Listening to another pitch about how AI can empower workers at various jobs across my industry, I was striken by the comparison in the title
3d printing, just like generative models, have it’s actual niche uses, where it’s obvious downsides are irrelevant and they come handy, e.g. prototyping, replacements, small-series production
Where it comes to the top-down AI promotion trend, it feels not unlike the idea of printing the whole product - a car, or a house, from the smallest details - applying the least effective method, doomed to have a worse than average outcome due to technological limitations
And screws, the thing that we nailed down long before, and that is completely incompatible with that mode of production, is a screaming, growling, shrieking example of how helpful tech can be mispurposed in the most stupid way
justOnePersistentKbinPlease@fedia.io 2 days ago
A note that Aerospace has absolutely leaned into 3D printing metal parts since they can make parts much lighter and be just as strong.
The main use of LLMs, as far as I can see, is to replace the very people pushing it on everyone.
lectricleopard@lemmy.world 2 days ago
That’s about being willing to eat the nre for one-off special purpose parts that have geometries not attainable by casting or machining.
3d printing is not the default fabrication method now that we’re getting good at it. It just shines in certain applications.
AI is often pitched as being able to do anything, eventually. We even try to use passive fail safes over active ones, a century after electricity became commonly available. Because that will always be a better solution by the nature of the options. AI is the same way. It is a distillation of human English language that is written. Why you would think that that could eventually replace all software developers, or any other field that produces text as its output makes any sense is beyond me. I can’t see how that could be true.

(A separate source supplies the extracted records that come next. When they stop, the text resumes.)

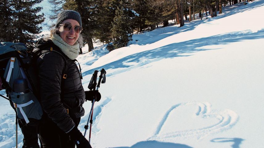 Antonia Eisenhut malt ein Herz für die Natur in den Schnee.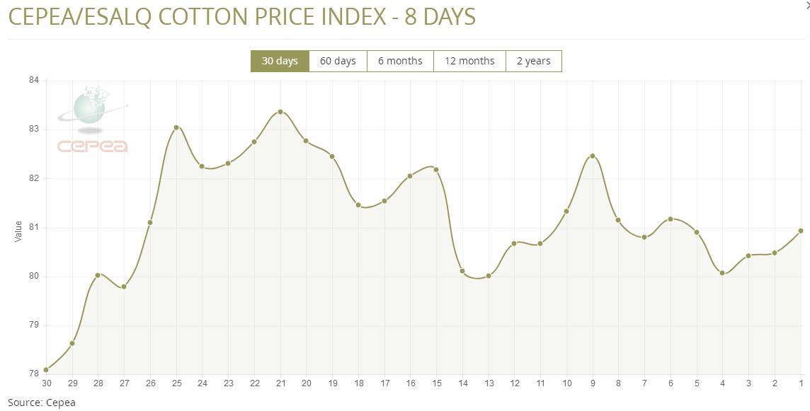 據(jù)外電1月25日消息,1月25日巴西CEPEA/ESALQ棉花價(jià)格指數(shù)報(bào)每磅80.93美分,較前一日上漲0.56%。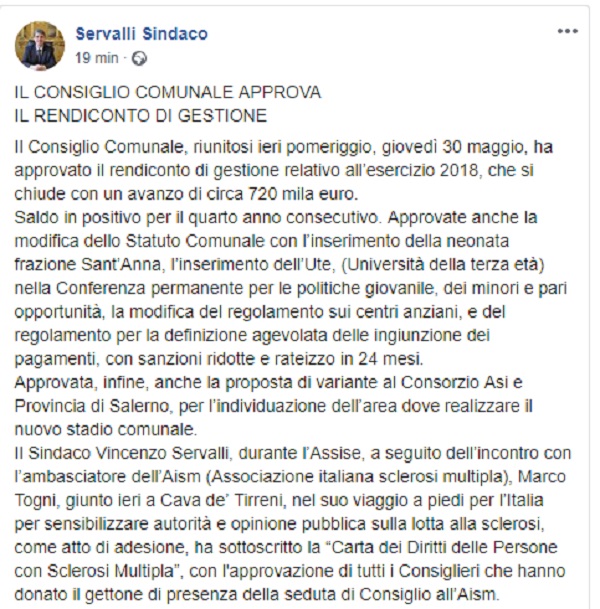 Questo il post pubblicato sulla pagin fb ufficiale del Sindaco di Cava de' Tirreni Servalli.

kescusay@lemmy.world 2 days ago
Exactly. It’s not true. Any company that fires all of its developers and sets up some poor intern to prompt-engineer updates to their codebase is going to fail spectacularly.
Source: I’m a software developer and use LLMs regularly. There are certain tasks they are very good at, but anyone who commits unexamined code generated by an LLM gets exactly what they deserve.

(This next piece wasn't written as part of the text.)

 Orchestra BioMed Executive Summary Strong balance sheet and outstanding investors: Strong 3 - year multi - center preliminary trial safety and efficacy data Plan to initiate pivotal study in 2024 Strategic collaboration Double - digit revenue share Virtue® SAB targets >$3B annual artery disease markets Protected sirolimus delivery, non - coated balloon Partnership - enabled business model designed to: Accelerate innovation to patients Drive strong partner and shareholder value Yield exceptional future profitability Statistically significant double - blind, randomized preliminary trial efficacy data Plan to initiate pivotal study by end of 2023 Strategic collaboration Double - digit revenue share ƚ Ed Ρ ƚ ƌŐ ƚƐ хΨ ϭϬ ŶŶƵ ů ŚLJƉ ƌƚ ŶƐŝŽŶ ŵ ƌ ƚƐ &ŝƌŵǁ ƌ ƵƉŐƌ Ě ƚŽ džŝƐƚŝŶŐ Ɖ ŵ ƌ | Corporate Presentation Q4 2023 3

Fondots@lemmy.world 2 days ago
Getting a little theoretical here
With the current state of the technology, 3d printing lags behind some traditional manufacturing techniques like machining and in terms of speed, cost, quality, available materials, etc. except for some relatively niche cases.
However, that gap is closing a bit every day, it may or may not ever catch up completely or surpass the old technique in those aspects
But if it does ever get close, I could very much see 3d printing being a preferred method
Subtractive manufacturing like machining, by design, creates a lot of waste, all of the chips and off cuts that are removed from the stock are either discarded or require additional energy and/or materials to recycle.
And things like injection molding require custom molds that wear out over time, and can be expensive to design and manufacture
And in either case, you’re largely locked into making one thing on an assembly line at a time, and to switch over to a different product you’re probably going to need to switch out a lot of the molds and tooling, recalibrate everything, etc. which can be time consuming.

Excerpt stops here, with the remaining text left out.